*** Block opens ***

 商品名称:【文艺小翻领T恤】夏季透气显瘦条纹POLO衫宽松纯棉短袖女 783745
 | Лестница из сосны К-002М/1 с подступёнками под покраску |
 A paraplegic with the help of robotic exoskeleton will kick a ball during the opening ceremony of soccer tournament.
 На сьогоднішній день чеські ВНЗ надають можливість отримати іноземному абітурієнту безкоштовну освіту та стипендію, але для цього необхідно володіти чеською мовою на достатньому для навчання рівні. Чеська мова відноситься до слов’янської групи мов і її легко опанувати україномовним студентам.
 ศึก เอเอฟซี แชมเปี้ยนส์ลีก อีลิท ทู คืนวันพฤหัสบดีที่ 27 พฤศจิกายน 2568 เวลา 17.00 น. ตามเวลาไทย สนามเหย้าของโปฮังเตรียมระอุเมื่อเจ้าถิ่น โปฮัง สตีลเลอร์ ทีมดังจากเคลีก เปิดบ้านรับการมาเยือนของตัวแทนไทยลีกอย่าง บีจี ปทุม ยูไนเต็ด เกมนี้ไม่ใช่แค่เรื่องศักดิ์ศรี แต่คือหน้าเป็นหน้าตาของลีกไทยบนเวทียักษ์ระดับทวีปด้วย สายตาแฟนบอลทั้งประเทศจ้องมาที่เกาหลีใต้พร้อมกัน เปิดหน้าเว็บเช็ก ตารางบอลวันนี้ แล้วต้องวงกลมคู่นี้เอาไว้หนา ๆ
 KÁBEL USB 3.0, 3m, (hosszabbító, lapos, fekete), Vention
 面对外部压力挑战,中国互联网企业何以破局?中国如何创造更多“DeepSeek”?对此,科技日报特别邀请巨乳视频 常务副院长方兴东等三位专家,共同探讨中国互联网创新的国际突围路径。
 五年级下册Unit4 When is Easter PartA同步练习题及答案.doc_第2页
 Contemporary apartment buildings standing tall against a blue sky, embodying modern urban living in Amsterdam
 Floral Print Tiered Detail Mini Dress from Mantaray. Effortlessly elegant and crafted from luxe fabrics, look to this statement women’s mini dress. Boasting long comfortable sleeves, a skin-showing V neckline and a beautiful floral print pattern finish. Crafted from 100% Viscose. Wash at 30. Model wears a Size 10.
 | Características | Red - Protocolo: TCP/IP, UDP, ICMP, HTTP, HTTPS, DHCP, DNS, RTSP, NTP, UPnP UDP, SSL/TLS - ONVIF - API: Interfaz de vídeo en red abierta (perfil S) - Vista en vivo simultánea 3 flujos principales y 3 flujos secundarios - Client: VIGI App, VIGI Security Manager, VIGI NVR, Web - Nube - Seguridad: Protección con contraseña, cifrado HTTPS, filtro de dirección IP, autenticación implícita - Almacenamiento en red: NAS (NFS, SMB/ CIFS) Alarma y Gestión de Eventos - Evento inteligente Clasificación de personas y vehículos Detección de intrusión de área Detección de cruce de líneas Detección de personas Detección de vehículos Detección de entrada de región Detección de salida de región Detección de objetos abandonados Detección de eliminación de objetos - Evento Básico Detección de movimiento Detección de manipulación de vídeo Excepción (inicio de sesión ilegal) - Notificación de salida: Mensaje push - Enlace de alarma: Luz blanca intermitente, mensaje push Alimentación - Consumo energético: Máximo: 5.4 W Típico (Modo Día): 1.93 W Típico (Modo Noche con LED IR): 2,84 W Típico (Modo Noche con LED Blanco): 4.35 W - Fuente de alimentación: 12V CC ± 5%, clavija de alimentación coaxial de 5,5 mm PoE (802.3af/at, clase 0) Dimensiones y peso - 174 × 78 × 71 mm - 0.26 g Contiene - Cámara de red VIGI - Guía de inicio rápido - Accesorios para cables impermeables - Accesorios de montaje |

*** Block closes ***

__REQUIRED ACTION__: Using the data above, reproduce exactly the lines between those holding "面对外部压力挑战,中国互联网" and "Contemporary apartment buildings", inclusive, and no others.

__REPLY TO THE TASK__:
 面对外部压力挑战,中国互联网企业何以破局?中国如何创造更多“DeepSeek”?对此,科技日报特别邀请巨乳视频 常务副院长方兴东等三位专家,共同探讨中国互联网创新的国际突围路径。
 五年级下册Unit4 When is Easter PartA同步练习题及答案.doc_第2页
 Contemporary apartment buildings standing tall against a blue sky, embodying modern urban living in Amsterdam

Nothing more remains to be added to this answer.